Paper long abstract:
The Ottoman legal reforms of the mid-19th century are usually described as an adoption of French laws and procedures. Furthermore, these changes are usually explained in terms of westernization. This paper portrays the change as a move from a reactive judicial concept to an activist one. In other words, the legal reforms were an outcome of a learned decision and a venue shopping.
The French inspired criminal courts established in the 1840s and the 1858 Ottoman Criminal Code did not carry with it waiving of Ottoman legal concepts. On the contrary, Judges were still the same personal serving in the Ottoman Sharia courts, and trained within the Ottoman legal school. The rule of evidence did not change. And the whole legal language remained pretty much the same. These phenomena were overseen until recently because studies focused on the written law, known as "law in the books."

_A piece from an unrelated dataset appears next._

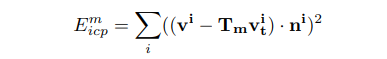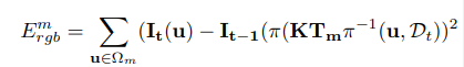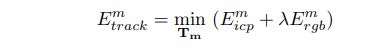 (1)Tracking:跟踪激活模型当前帧下的六自由度位姿,损失函数包括两部分:几何误差(dense ICP)和光度损失(类似直接法)

Most strikingly is the fact that the Ottoman moral ethic of the law, aimed at protecting the weak, was amplified with the reforms, allowing the imperial government greater intervention in its subjects' lives. Criminal justice, policing, and incarceration are usually understood as a means aimed to impose tighter control over the masses. The legal reforms reinforced the conviction legal thinkers held that they hold the higher moral grounds.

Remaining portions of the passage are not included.